##### Recorded data
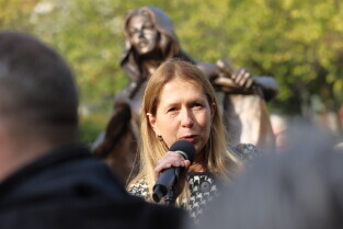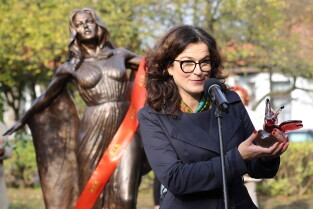 Gdańsk.Odsłonięcie pomnika Ireny Jarockiej. Nz. Aleksandra Dulkiewicz, prezydent Gdańska.
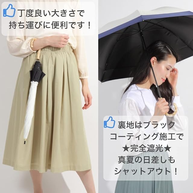 日傘 長傘 完全遮光 軽量 UVカット 傘 レディース 撥水 晴雨兼用 バンブー 持ち手 おしゃれ かわいい 耐風 風に強い 遮光率100% 率99.9%以上 UPF50+ 【OK basket】 (ホワイト&ネイビー) | ascend
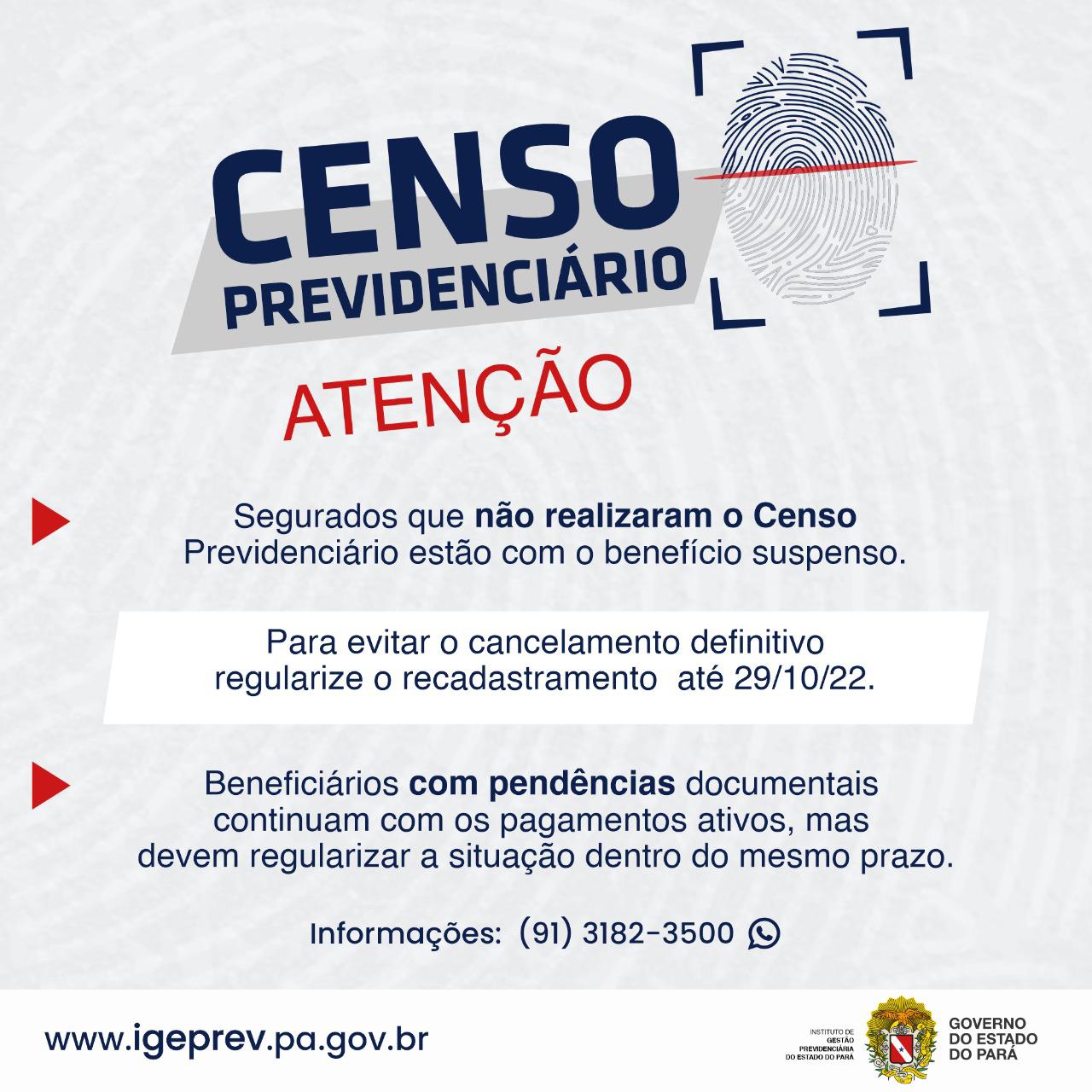 O Censo Previdenciário tem por objetivo atualizar os dados cadastrais e também viabilizar a elaboração de ações de gestão e educação previdenciária. É uma exigência da Lei Federal nº 10.887/2004 e Resolução 19.208, item 2.35 do TCE/PA, no que se refere ao princípio do equilíbrio financeiro e atuarial do Regime de Previdência dos Servidores Públicos. A não realização do Censo poderá ocasionar a SUSPENSÃO e até um possível CANCELAMENTO do benefício, conforme o Capítulo III, da Instrução Normativa do Censo Previdenciário Nº 001, de 08 de janeiro de 2020.
##########
## Task directions
Repeat the data word for word, excluding any image.

## Answer for the task
 Gdańsk.Odsłonięcie pomnika Ireny Jarockiej. Nz. Aleksandra Dulkiewicz, prezydent Gdańska.
 日傘 長傘 完全遮光 軽量 UVカット 傘 レディース 撥水 晴雨兼用 バンブー 持ち手 おしゃれ かわいい 耐風 風に強い 遮光率100% 率99.9%以上 UPF50+ 【OK basket】 (ホワイト&ネイビー) | ascend
 O Censo Previdenciário tem por objetivo atualizar os dados cadastrais e também viabilizar a elaboração de ações de gestão e educação previdenciária. É uma exigência da Lei Federal nº 10.887/2004 e Resolução 19.208, item 2.35 do TCE/PA, no que se refere ao princípio do equilíbrio financeiro e atuarial do Regime de Previdência dos Servidores Públicos. A não realização do Censo poderá ocasionar a SUSPENSÃO e até um possível CANCELAMENTO do benefício, conforme o Capítulo III, da Instrução Normativa do Censo Previdenciário Nº 001, de 08 de janeiro de 2020.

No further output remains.